MENZIONE D’ONORE ALLA PROFESSORESSA VITTORIA FRANCESCA BRAMBILLA
In questa occasione speciale, siamo onorati di riconoscere il prezioso contributo della Professoressa Vittoria Francesca Brambilla nel campo delle TEA del riso, un settore che ha visto un avanzamento significativo grazie alla sua dedizione, competenza e passione per la ricerca.
Vittoria Francesca Brambilla, si laurea, con laurea quinquennale del vecchio ordinamento, a Novembre 2003 in Scienze Biologiche presso l’Università degli Studi di Milano con una tesi di laurea dal titolo: “Identità molecolare dell’ovulo di Arabidopsic”.
Conseguentemente consegue un dottorato di ricerca in Biologia Vegetale presso il Dipartimento di Biologia dell’Università degli Studi di Milano: Titolo della tesi di Dottorato “Fattori trascrizionali che controllano lo sviluppo dell’ovulo e del carpello in Arabidopsis thaliana”
Dopo aver trascorso alcuni anni come ricercatrice al Max PlanK Institute for Plant Breeding Reserch di Colonia, in Germania, dove vince la borsa di studio della Fondazione Alexander Von Humboldt, nel 2011 rientra in Italia per dedicarsi, sempre come ricercatrice, presso il Dipartimento di Bioscienze, Università degli Studi di Millano, allo studio della biologia dello sviluppo e della genetica del riso.
Dal 2023 è Professoressa associata in Botanica Generale del Dipartimento di Scienze Agrarie e Ambientali, Produzione, Territorio e Agroenergia dell’Università degli Studi di Milano, dove guida un gruppo di giovani ricercatori nello studio dei meccanismi molecolari che controllano la fioritura del riso e nello studio dell’architettura della pianta e resistenza genetica al brusone.

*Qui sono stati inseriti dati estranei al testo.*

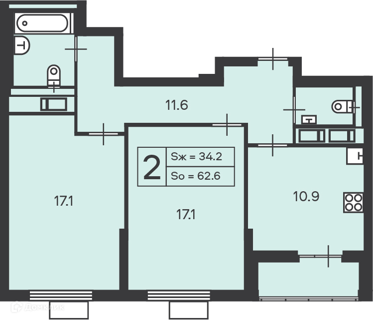 Общая площадь 62.6 м2

I suoi studi riguardano anche il miglioramento genetico del riso coltivato per diversi cararetteri di interesse agronomico tramite marcatori molecolari e Tecniche di Evoluzione Assistita (TEA).

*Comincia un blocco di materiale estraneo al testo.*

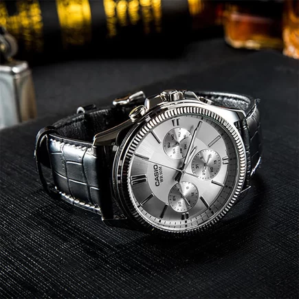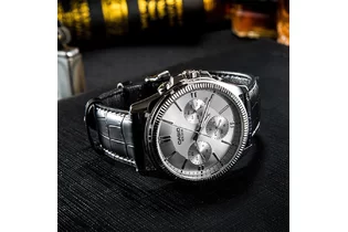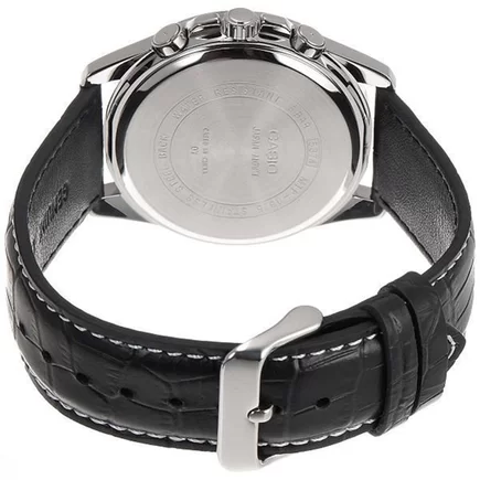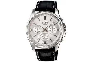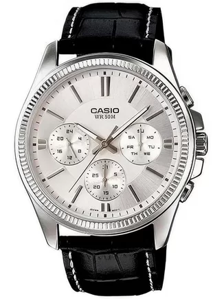 Часы Casio (Касио) классический характер, круглый корпус. Эти часы созданы для мужчин, которые ценят комфорт и практичность. 12-ти и 24-х часовой формат времени, число и день недели вынесены на отдельные циферблаты. Метки в виде штрихов и арабской цифры 12. Заводная головка с защитой. На стрелки нанесен накапливающий свет флуоресцирующий материал, за счет которого обеспечивается свечение стрелок в темноте. Стекло минеральное, устойчивое к повреждениям и царапинам. Корпус из нерж.стали. Ремешок из натуральной кожи. Классическая застежка из нержавеющей стали. Водозащита 50WR.

Nel 2024 ha piantato il primo campo sperimentale di riso TEA in Italia e in Europa poi andato vandalizzato.
Nel 2025, grazie al supporto della Fondazione Bussolera Branca e alla collaborazione con Ente Nazionale Risi ha portato a raccolto 3 campi di riso TEA.
Vittoria ha contribuito con la propria conoscenza a pubblicazioni scientifiche internazionali nel campo della fisiologia vegetale e biologia molecolare delle piante.
Oggi, con il conferimento di questo premio, celebriamo non solo un’importante carriera, ma anche l’impegno costante della Professoressa Brambilla nel promuovere il progresso scientifico, il quale ha reso possibile una comprensione più completa e precisa delle TEA del riso.
Siamo profondamente grati per il suo lavoro e la sua passione, che continuano a ispirare tutti coloro che, come lei, cercano di unire scienza e pratica per migliorare il nostro mondo.
Congratulazioni, Professoressa Brambilla, e grazie per il contributo che dà al nostro settore!